NOTE 3 - DEBT FINANCING

CONVERTIBLE DEBENTURE-AFFILIATE
- -------------------------------

On July 1, 2006, the Company formalized an agreement with the affiliate referred
to in Note 2 above. The affiliate is entitled, at its option, to convert, and
sell on the same day, at any time and from time to time, until payment in full
of the Debenture, or any part of the principal amount of the Debenture is
converted into shares of the Company's common stock, par value $.001 per share,
at the price per share of $0.12. The Company shall make annual interest payments
to the affiliate, on each conversion date (as to the principal amount being
converted) and on the maturity date. The interest shall be calculated on a 360
day basis and will accrue daily. The Debenture holder was granted a warrant to
purchase 2,279,642shares of the Company's Common Stock at the share price of
$0.16.

                                       7





The Company has determined that the detachable warrant qualifies as a derivative
valued at $205,168 using Black-Scholes option pricing model using the following
assumptions: stock price volatility of 114.00%, risk free rate of return of
5.05%; dividend yield of 0% and a 7.0 year term. The face amount of the
convertible debenture of $273,557 was proportionately allocated to the debenture
and the warrants in the amount of $68,389 and $205,168, respectively.

The total warrant value of $205,168 has been accounted for as a debt discount
which is being amortized and treated as interest expense over the period of
expected repayment of the debentures- a twelve month period, not the term of the
convertible debenture of 24 months, on a straight line basis.

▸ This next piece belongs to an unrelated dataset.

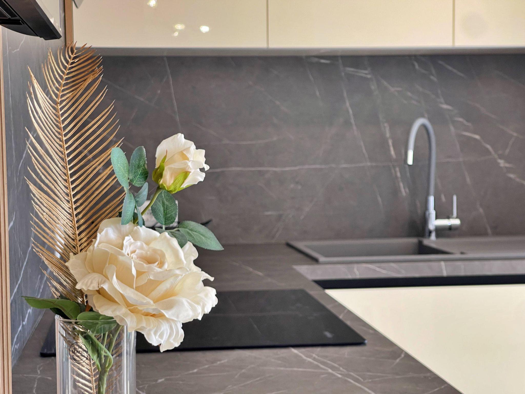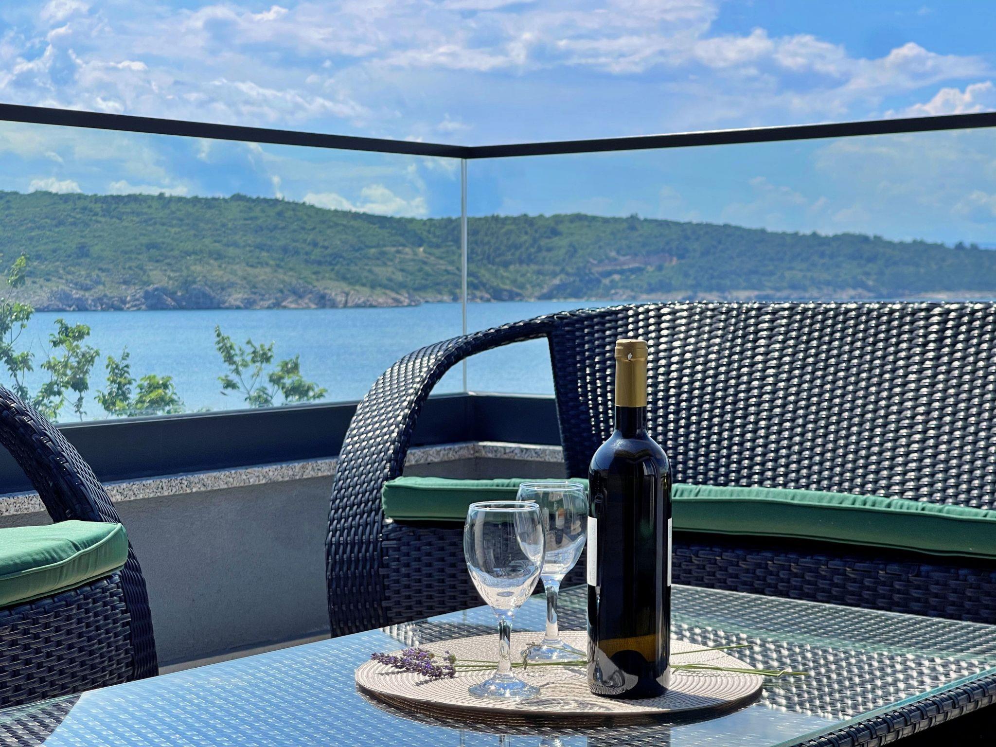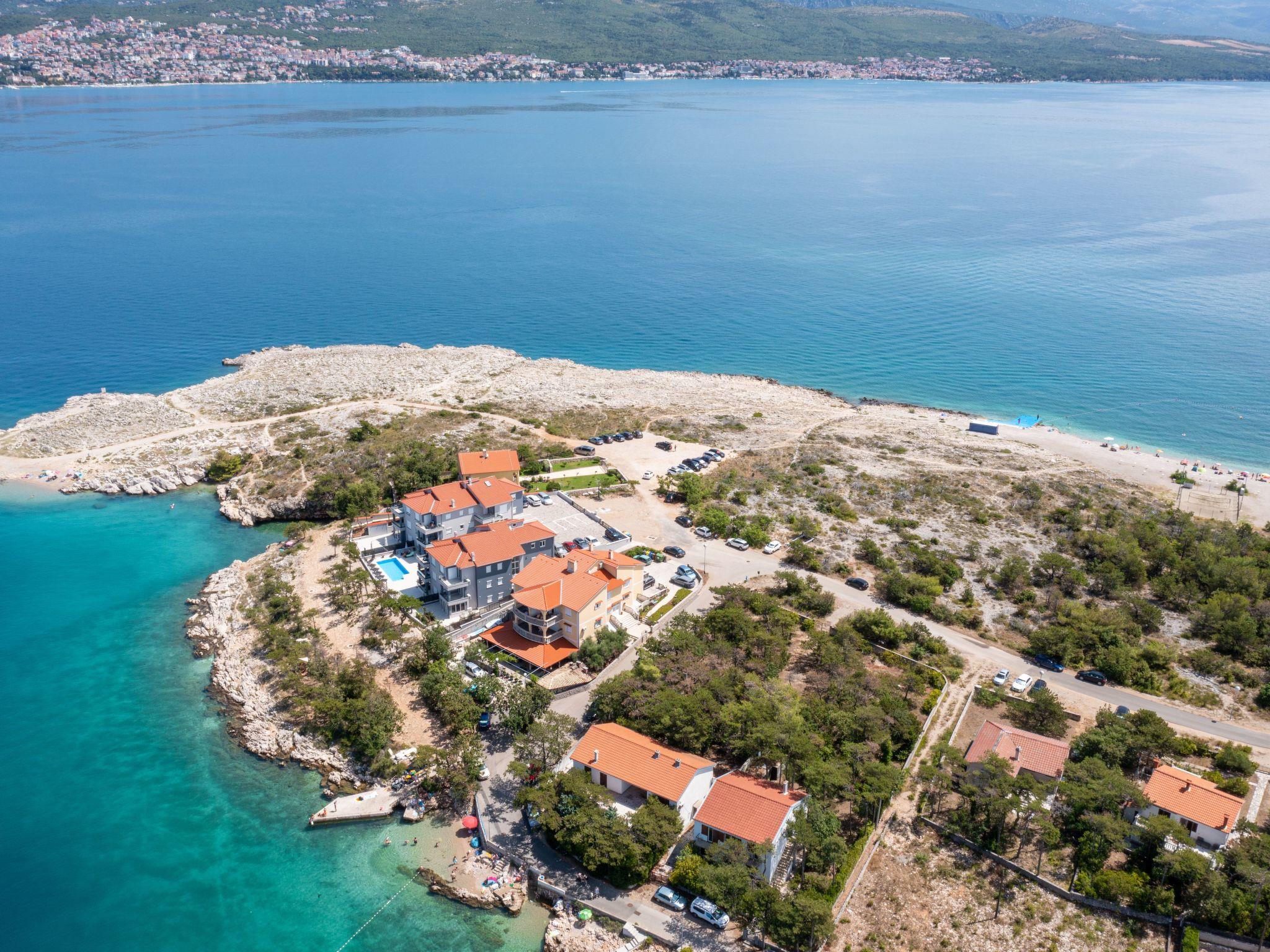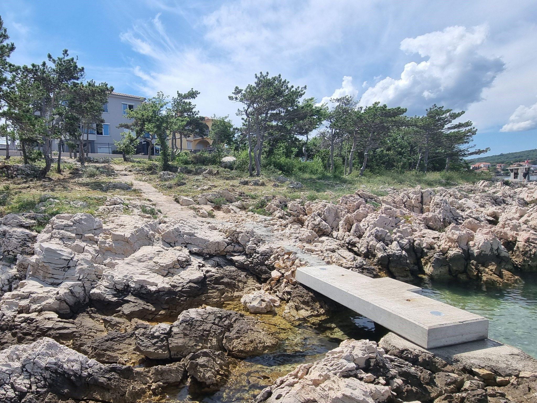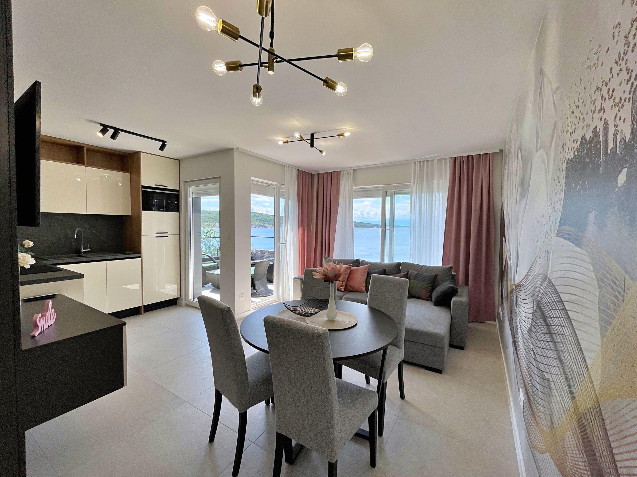 This luxurious, modern seafront flat is located in a quiet apartment complex just 30 metres from the sea, surrounded by nature, secluded coves, pebble beaches and hiking trails. It offers a communal saltwater pool (36 m2), which is open from May to October and whose temperatures usually reach 20-26 °C. The flat is located on the 2nd floor and has two bedrooms, each with a double bed, a modern kitchen with induction hob, fridge-freezer, kettle, coffee machine, toaster, microwave and dishwasher. The bathroom has a shower and toilet. The dining area and living room offer a cosy space with a sofa and smart TV, while free WiFi is available throughout the building.

For the period
ended September 30, 2006, the amortization was $51,292.

CONVERTIBLE DEBENTURE - GRANITE
- -------------------------------

On July 1, 2006, we received an additional $50,000 on a convertible debenture,
from Granite Financial that was disclosed in the period ended June 30, 2006,
making the total debt $265,000. The debt holder is entitled, at its option, to
convert, and sell on the same day, at any time and from time to time, until
payment in full of the Debenture, or any part of the principal amount of the
Debenture is converted into shares of the Company's common stock, par value
$.001 per share, at the price per share of $0.12. The Company shall make annual
interest payments to the affiliate, on each conversion date (as to the principal
amount being converted) and on the maturity date. The interest shall be
calculated on a 360 day basis and will accrue daily. The debenture also has a
condition that if the loan is not paid in full in one year its principal will
increase to $66,500. The Debenture holder was granted a warrant to purchase
416,667 shares of the Company's Common Stock at the share price of $0.16 for
this $50,000 of additional debt.

The Company has determined that the detachable warrant qualifies as a derivative
valued at $35,836 using Black-Scholes option pricing model using the following
assumptions: stock price volatility of 114.00%, risk free rate of return of
5.05%; dividend yield of 0% and a 7.0 year term. The face amount of the
additional installment of the convertible debenture of $50,000 was
proportionately allocated to the debenture and the warrants in the amount of
$14,164 and $35,836, respectively

The total warrant value of $35,836 has been accounted for as a debt discount
which is being amortized and treated as interest expense over the period of
expected repayment of the debentures- a twelve month period, not the term of the
convertible debenture of 24 months, on a straight line basis. For the period
ended September 30, 2006, the amortization was $8,934.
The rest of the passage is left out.